I want to impute missing values for few set of columns. The idea is for numeric variables I want to use the median to impute the NA and for categorical variables I want to use the mode to impute the NA. I did search for how to impute it separately for different set of columns and did not find.
我想为少数几列列出缺失值。我的想法是数字变量,我想使用中位数来估算NA,对于分类变量,我想用模式来估算NA。

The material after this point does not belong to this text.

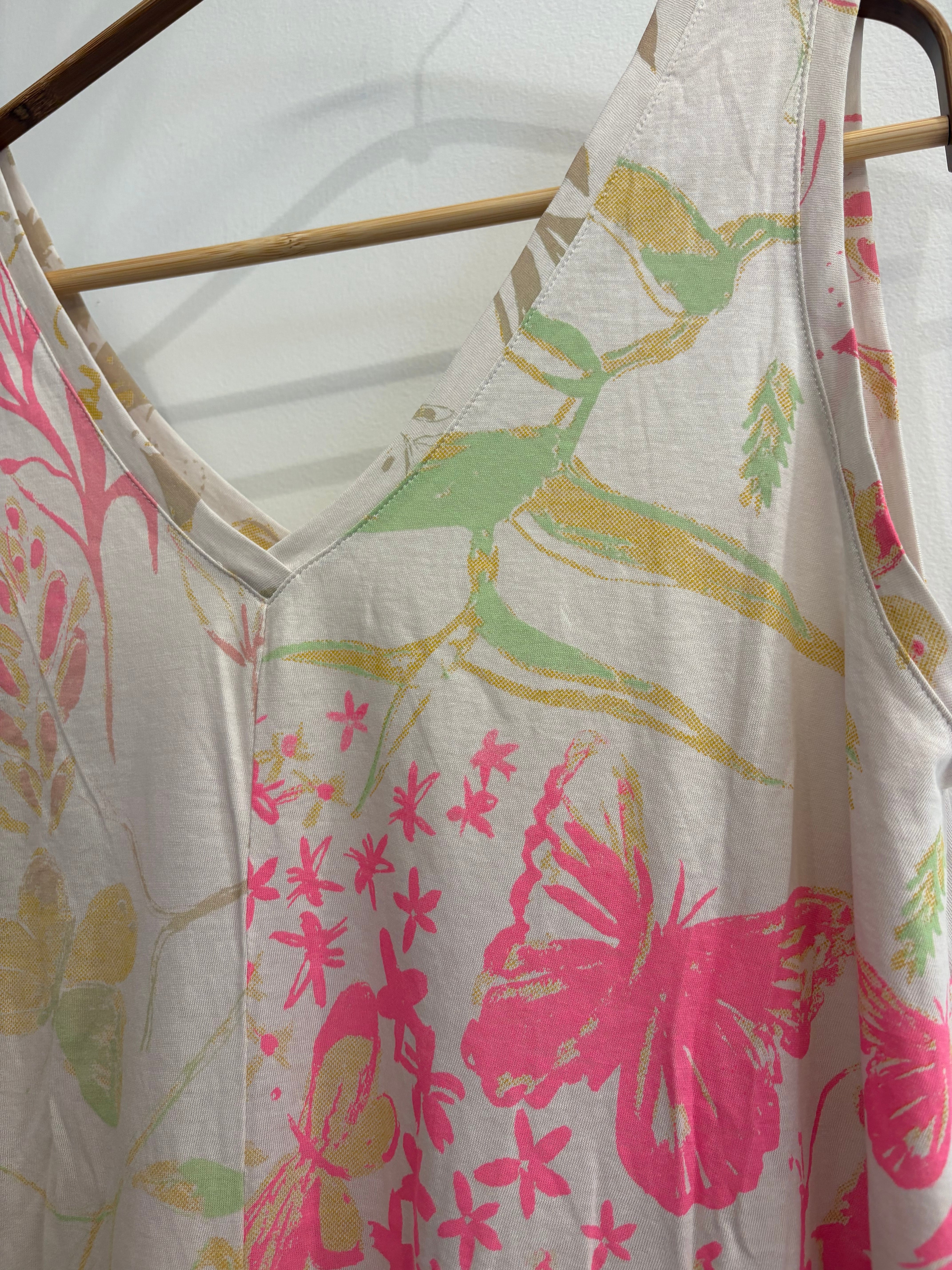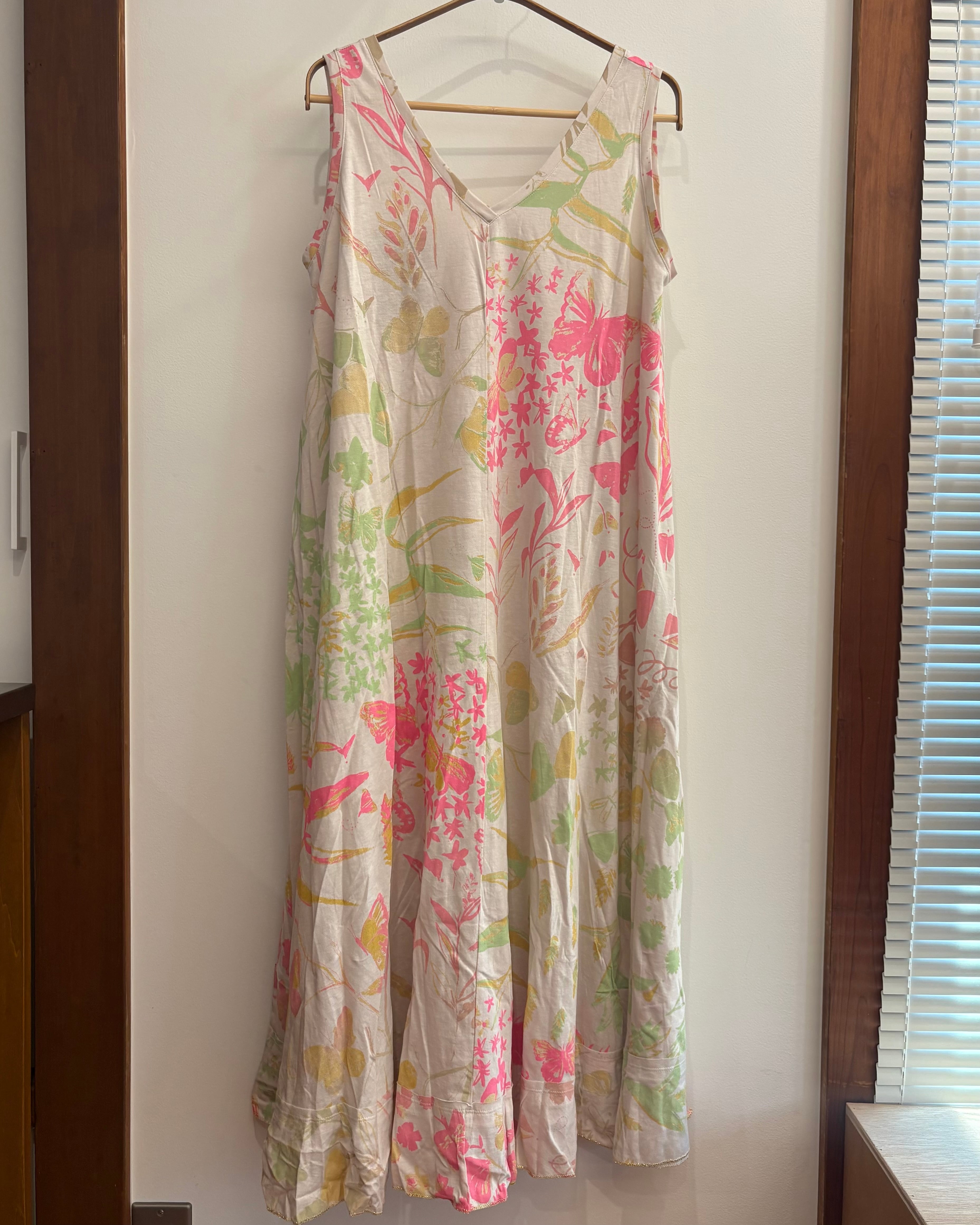 Pima cotton ノースリーブドレス (アイボリー/お花とちょうちょ柄)
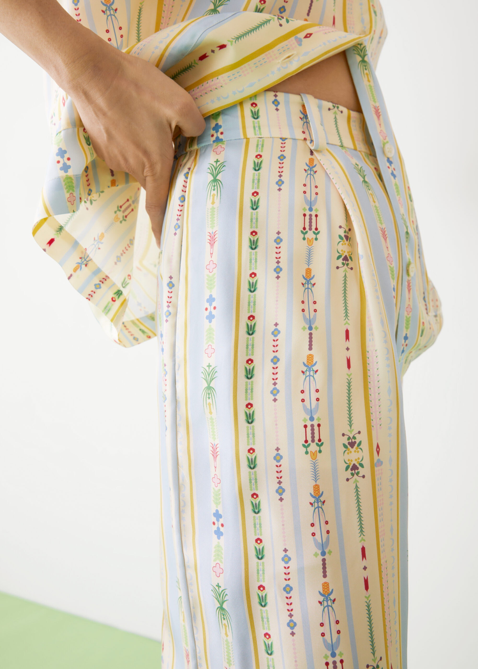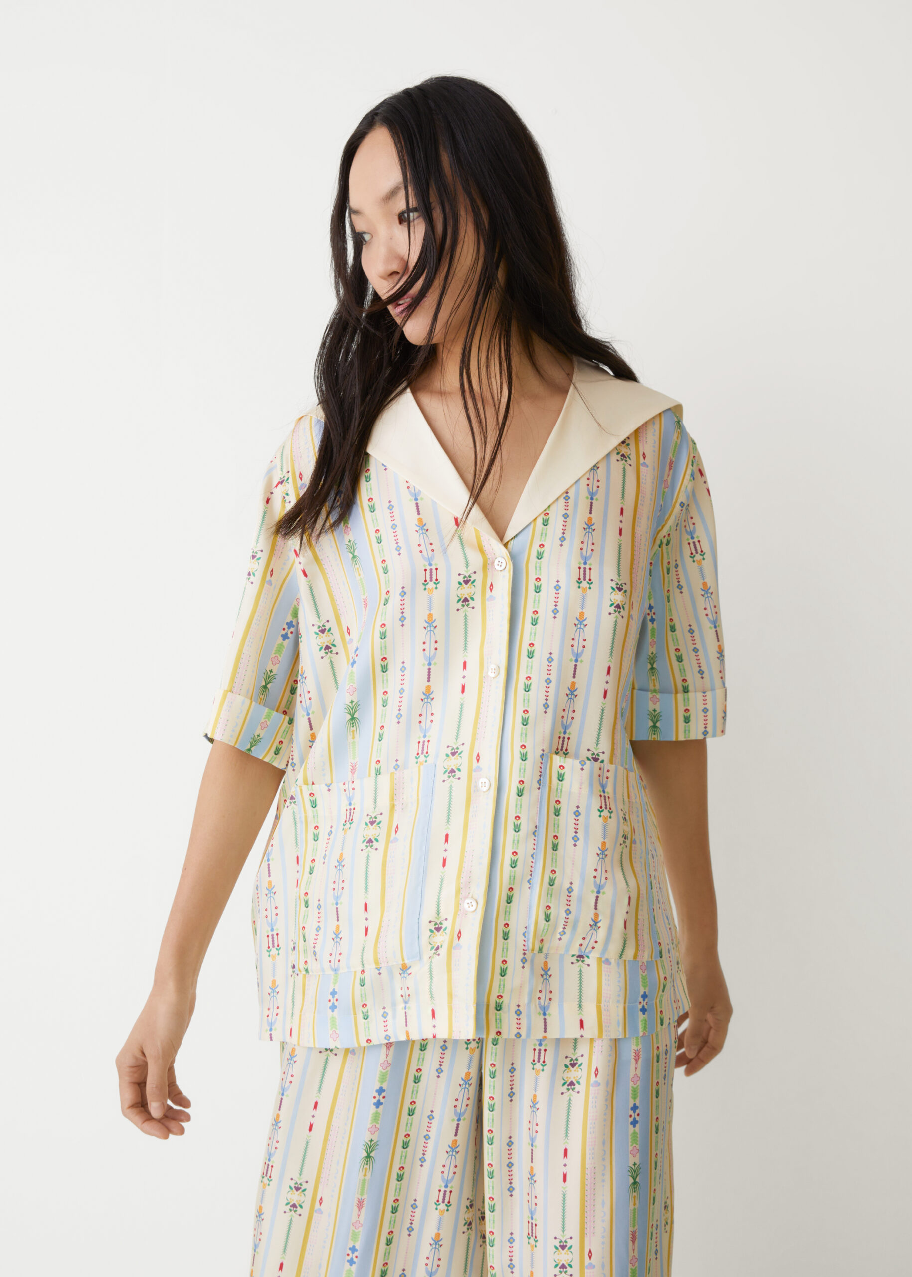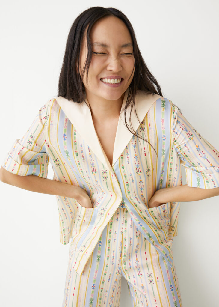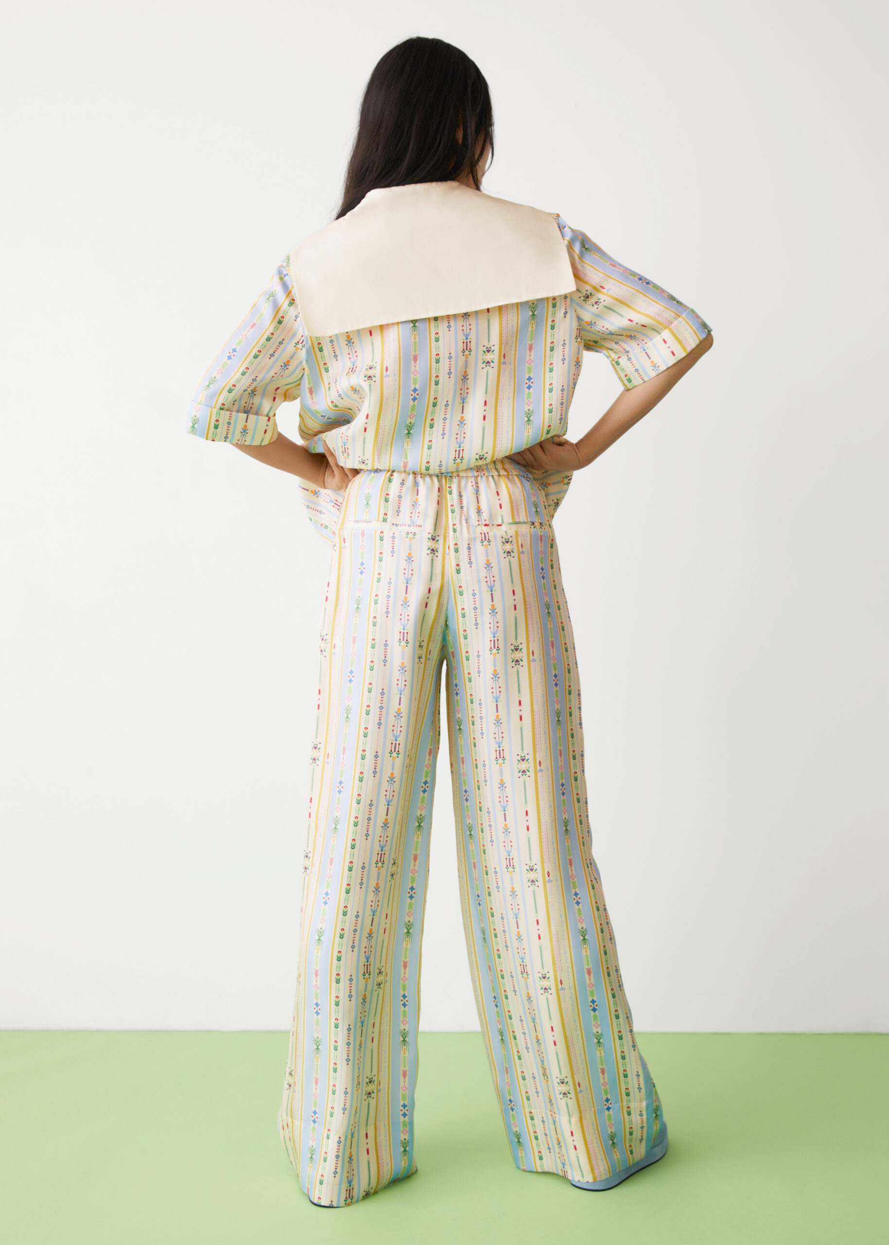 “Pour cette co-lab, j’ai revisitée “Moon Gardener”, qui était ma deuxième collection, et je l’ai réinterprétée à travers le vocabulaire de la garde-robe de & Other Stories.”Moon Gardener a commencé avec un scenario d’imagination. J’imaginais que si je pourrais aller sur la lune, j’y ferais planter mon propre jardin, en nostalgie à La Terre . J’ai donc créé des imprimés en imaginant des plantes et jardin dans l’univers. J’ai reflété les formes des feuilles des plantes sur les silhouettes. Comme pour les imprimés, j’ai disposé des plantes sur des rayures classiques, créant ainsi un nouveau type d’imprimé à rayures. Raconte Minju Kim.

我确实搜索了如何为不同的列集分别插入它并且没有找到。
My data is big with many columns so I have it in data.table. Since I am not sure how to do it in data.table, I tried below code base R. I have tried below code but somehow I am messing up with the column name identification it seems.
我的数据很多,有很多列,所以我在data.table中有它。因为我不知道如何在data.table中做到这一点,我尝试了下面的代码库R.我试过下面的代码,但不知怎的,我似乎弄乱了列名称识别。
My data is large and with multiple variables. I am storing numeric variables in vector var_num and I am storing categorical variables in vector var_chr.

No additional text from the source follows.